Welcome to the forum. Mexico is a big place and it would help if you could tell us what area or what lifestyle you seek. Members of the forum are scattered across Mexico and are everything from backpackers, business executives, RV wanderers and thousands of retirees. So, ask away, but tell us what homework you have already done in the way of reading, travel, etc. and why you are considering Mexico.


----------



## MsHobo (Aug 7, 2009)

Thanks for the welcome, I (we) have been searching the internet, we want a nice safe place, we are kinda laid back people, hubby in construction, I work at a building supply company, we both love doing home improvement projects, we love taking cruises, thats our way of traveling. I keep coming back to the Lake Chapala area in my internet searches, in my gut, I think that's the place to be.
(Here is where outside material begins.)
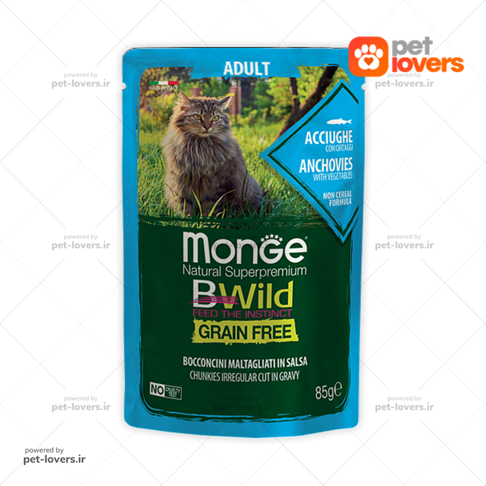 پوچ گربه مونژه مدل BWild Grain Free Adult با طعم ماهی کولی و سبزیجات وزن 85 گرم
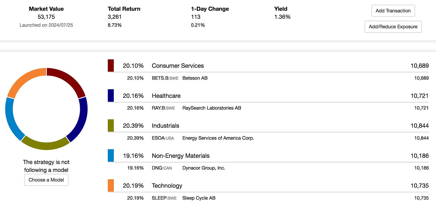 The portfolio with the five companies is performing very well, almost doubling the S&P 500 with less volatility. It has returned 9% in these couple of months.

Why Mexico?, the right side of the world so to speak.


----------



## RVGRINGO (May 16, 2007)

You wouldn't be the first Texans to retire to Chapala; we have several among our friends and there is a 'Texas Club' that meets at the American Legion in Chapala. We also have 'sunbird' Texans who come at this time of year to escape the heat and enjoy our temperatures; 71F at the moment. So, come on down and explore. It is quite safe, by the way.


----------



## MsHobo (Aug 7, 2009)

Thanks Rv for your info. Do you know of any local hotels for us to stay while we search for a rental, I think that's the way we want to go, we don't want to sell our home here, we want to be able to rent it out for more income. Any ideals? Once again, thanks so much


----------



## RVGRINGO (May 16, 2007)

There are hotels in both Chapala and Ajijic. They'll run anywhere from $40 to $80 US dollars per night, some with breakfast. Google can be your friend.


----------